At this point, what are a few more pounds in the old knapsack? I’ve already saddled myself with a clearly unnecessary CD player with FM capability simply because I like the idea of lying under a star-intensive night sky while listening to Bach rendered on the piano. As it turns out, this slim piece of electronics will figure prominently in our ability to verify an unsettling story told to us Wednesday morning by a scruffy hiker of dubious credibility.

Park City, an important ski venue for the upcoming Winter Olympics, has been gentrified to within a centimeter of its well-manicured life. Despite numerous outlets for souvenirs and ice cream, it’s nonetheless a charming community, a fact that has helped propel real estate prices boldly skyward. For example, an unprepossessing 2-story frame house, now serving as a tee shirt emporium on the business district’s main drag, carries a $750,000 price tag.

This is a community that puts a high value on aesthetic qualities. Among the evidence: (a) Old buildings are restored, not demolished; (b) Billboards are prohibited; (c) Business signage is regulated, unobtrusive and equally effective for all; and (d) Landscaping is ubiquitous and pleasing. Partly because of these facts – certainly not despite them – business is booming. This was true before the Olympics and it doubtless will be true afterwards.

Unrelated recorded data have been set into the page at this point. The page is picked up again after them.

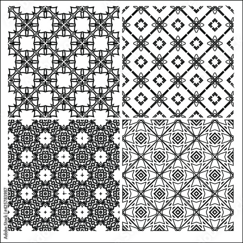 Fototapeta premium 4 Universal different geometric seamless patterns. Endless vector texture can be used for wrapping wallpaper, pattern fills, web background,surface textures. Set of monochrome ornaments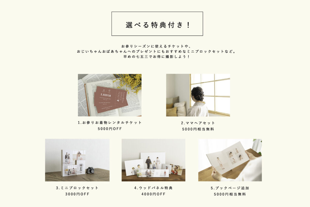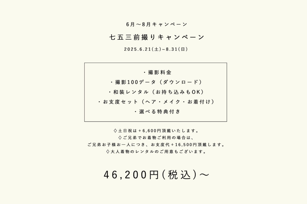 「6月〜8月 選べる特典付き!七五三前撮りキャンペーン」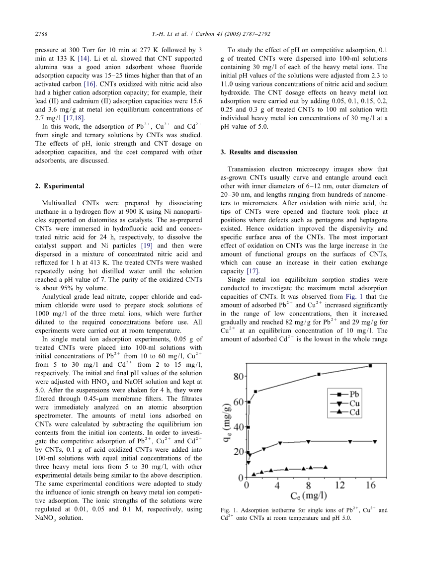 多壁碳纳米管对水溶液中Pb2 、Cu2 、Cd2 等离子的竞争吸附外文翻译资料

The town did not enter into this happy state by accident. Many other perfectly glorious natural sites have had their aesthetics ruined by unfettered signage, anything-goes development and indifferent landscaping. Not here, though, not by a long shot. Polk County, Florida could take a big lesson from Park City, Utah – but it probably won’t.

Sunday, September 9: Today begins the end of civilization as we know it (or so I amuse myself by thinking at the time), which is another way of saying that the concept of indoor plumbing is about to vanish. I indulge in a shameless drawdown of the hotel’s hot water supply before heading to breakfast.